Was für ein Fehlgriff: Die Halbjahresbilanz von Schalke 04 zeigt, wie viel Geld der Trainerflop Roberto di Matteo die Schalker gekostet hat. Indirekt finanziert hat den Trainerwechsel keine geringere als Helene Fischer.

Trotz der klaren Heimniederlage am Sonntag gegen Köln herrscht bei Schalke 04 gerade Aufbruchstimmung. Und auch wirtschaftlich läuft es bei Schalke deutlich besser, als viele Skeptiker geunkt haben. Trotz aller hausgemachten Schwierigkeiten in der Rückrunde haben die Knappen zwischen Januar und Juni gut gewirtschaftet, und es sieht so aus, als könnten sie auch das Fehlen der traditionellen Champions-League-Spiele im Herbst einigermaßen wegstecken.

Der Rückenwind kommt vom Transfermarkt: Dass der Klub im ersten Halbjahr den Umsatz um 10 Millionen auf 99,8 Millionen Euro hochtreiben konnte, geht zu einem großen Teil auf den Verkauf des Verteidigers Kyriakos Papadopoulos an Bayer Leverkusen zurück, der die Transfereinnahmen von 3,6 auf 9,7 Millionen Euro nach oben trieb – und auf Schlagerkönigin Helene Fischer. Nach einem Doppelkonzert der feschen Sängerin in der Veltins Arena landeten fast 2 Millionen Euro Extra-Catering-Einnahmen auf dem Konto der Knappen.
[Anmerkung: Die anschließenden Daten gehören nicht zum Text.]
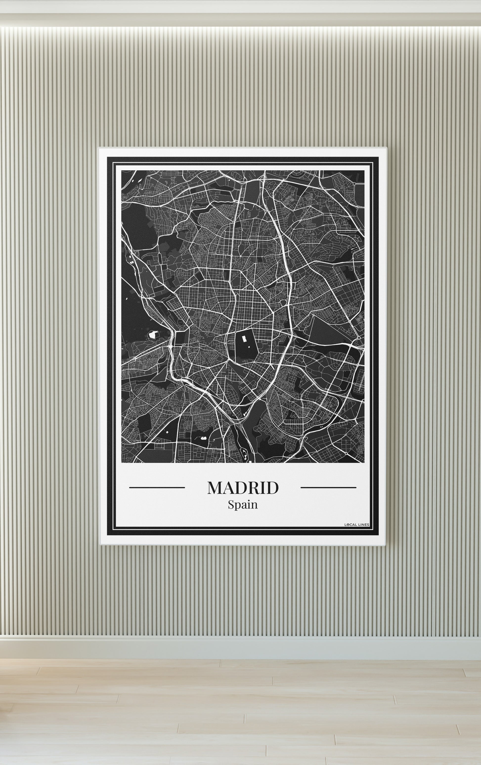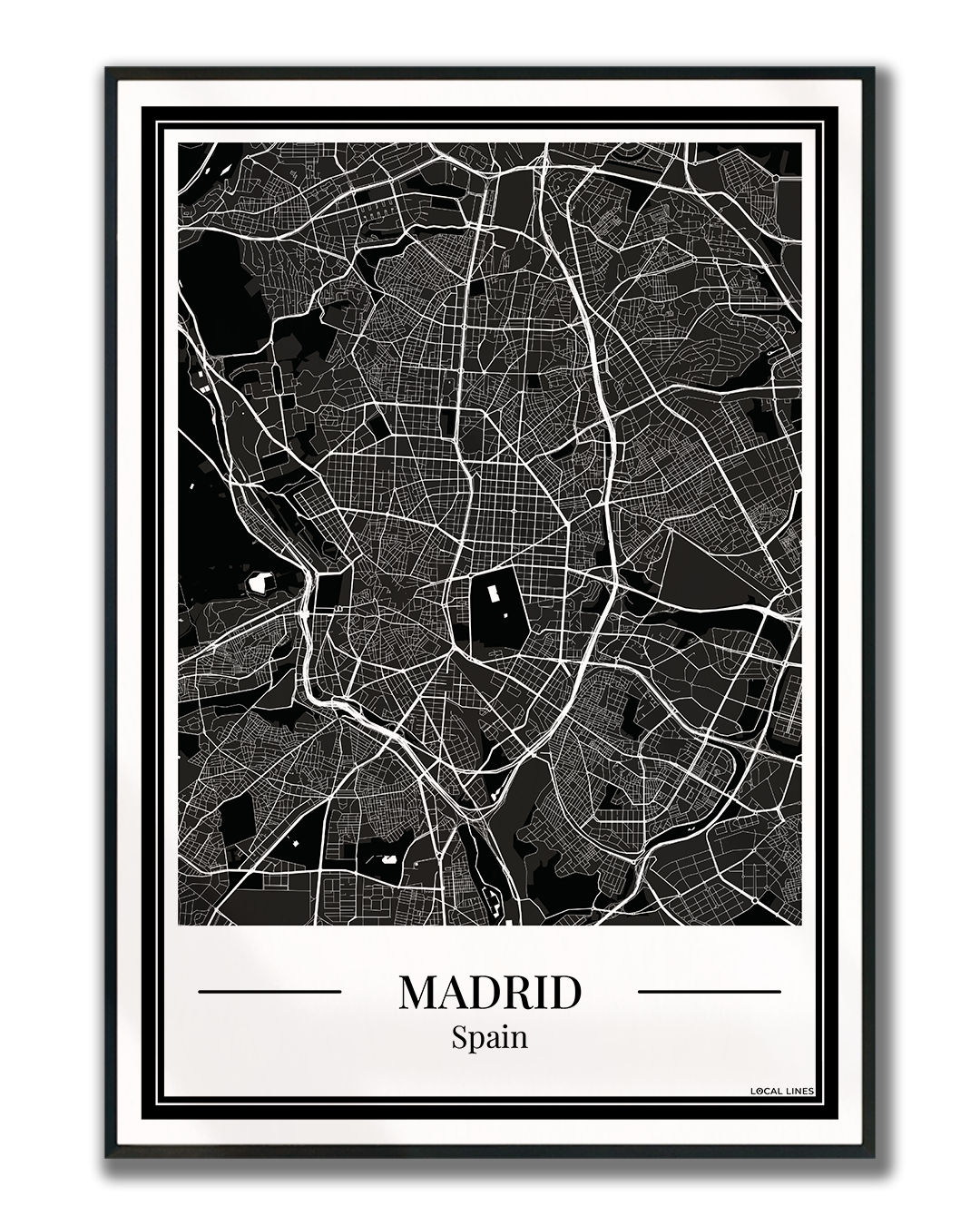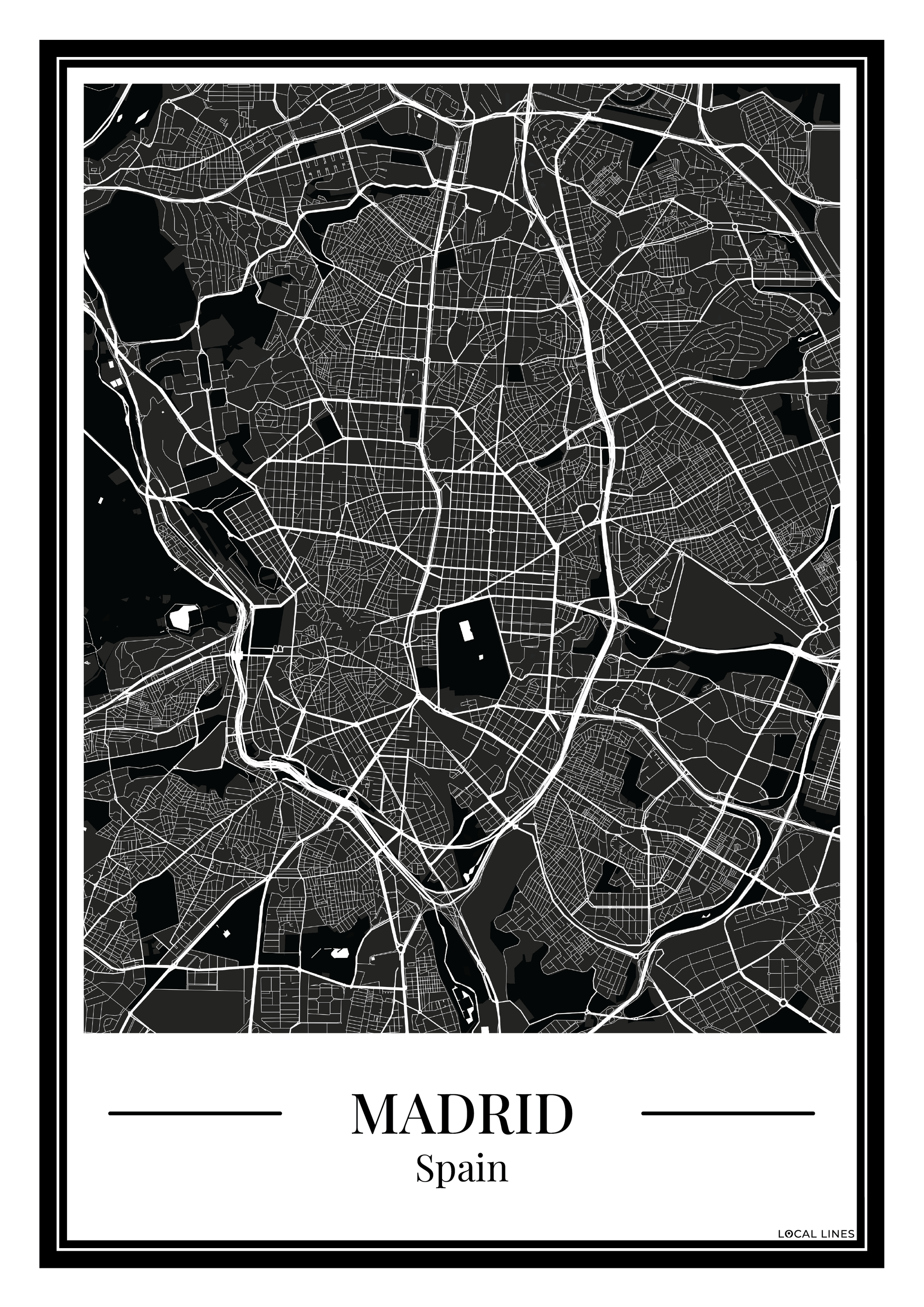 Geef je interieur een moderne en persoonlijke touch met deze Madrid poster. De stadskaart toont alle straten en wijken en is ideaal als wanddecoratie of origineel cadeau.

Nur leider blieben die Helene-Fischer-Millionen dort nur kurz, denn das Geld floss direkt weiter in die Taschen des „Die Null muss stehen, auch vorne“-Trainerflops Roberto di Matteo. Dem vergangene Woche vorgelegten Halbjahresbericht ist zu entnehmen, dass die Schalker mindestens 1,4 Millionen Euro Abfindung an den italienischen Fußballmaurer gezahlt haben, wahrscheinlich sogar deutlich mehr. Ohne den Trainerwechsel hätte Schalke bei seinen Geldgebern nach langer Zeit mal wieder mit einem Rückgang der Personalausgaben (55,8 Millionen Euro im ersten Halbjahr) punkten können.

Wie viel Ablöse hat Schalke für Breitenreiter gezahlt?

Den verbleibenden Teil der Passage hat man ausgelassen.